Cosa vorrebbero fare? Limitare la leva finanziaria alla quale potranno accedere investitori strutturati e istituzionali. Questo perché ci sarebbe il rischio, lo dice il comitato stesso, che eventuali ulteriori crolli ingigantiti dalla leva finiscano per contagiare anche gli altri settori dell’economia.
In realtà – e lo diciamo senza timore di essere smentiti dai fatti futuri – le preoccupazioni del pur importante Comitato sembrano essere, numericamente, fuori luogo. Parliamo di un continente, quello europeo, dove i player istituzionali che investono a leva nel mondo crypto sono pochi, pochissimi e muovono volumi così risibili da non riuscire a entrare neanche nelle statistiche di settore. Ma partiamo dal principio.
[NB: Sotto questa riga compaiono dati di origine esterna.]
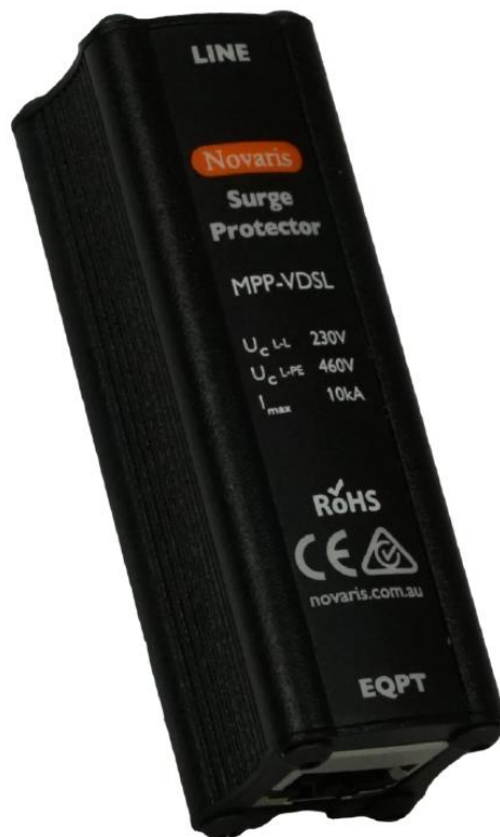
Figure 1 MPP-VDSL surge protector

The MPP-VDSL is also provided with a number of adaptors to allow different connectors to be used, these are an RJ12 reducer and a two-way terminal block, shown below in Figure 2.

Il Comitato dell’Unione Europea che si occupa di prevenire eventuali rischi sistemici per l’apparato finanziario ha lanciato un allarme piuttosto preciso: limitare la leva alla quale possono accedere i fondi – limitatamente alle crypto e Bitcoin – affinché si eviti un effetto a cascata sul mondo della finanza vecchia scuola.
Non è chiaro però su che base numerica poggino certe considerazioni e se ci sia effettivamente un rischio contagio. Rischio contagio che comunque non si è palesato durante il 2022, anno che verrà ricordato con ogni probabilità come il peggiore della storia per Bitcoin e crypto.
La questione non sembra riguardare, almeno per ora, gli investitori retail, che almeno in ambito europeo sono già costretti ad un massimo di leva 1:2 e che comunque muovono volumi tali da non costituire preoccupazione anche per il più ansioso dei Comitati.
Difficile a dirsi per ora, dato che i tempi eventuali di intervento del ramo legislativo europeo non sono dei più rapidi. Non è chiaro neanche se la cosa darà il via a discussioni serrate nelle competenti commissioni, dove sarà però piuttosto difficile dimostrare che si tratti di un problema concreto e di una possibilità di contagio reale.
Tutto questo mentre in Europa i privati si danno da fare per imbarcare anche le banche e mentre il settore, forse sordo dall’orecchio degli avvisi dei regolatori, continua a mettere in piedi un’infrastruttura destinata anche agli istituzionali.
Istituzionali che però in Europa, almeno per il momento, non sembrano essere né numerosi né intenzionati a investire nel mondo crypto e Bitcoin grossi capitali.
Di che contagio parla dunque il Comitato? Che sia un’ulteriore preoccupazione creata a arte per attaccare di nuovo i ponti tra vecchia e nuova finanza?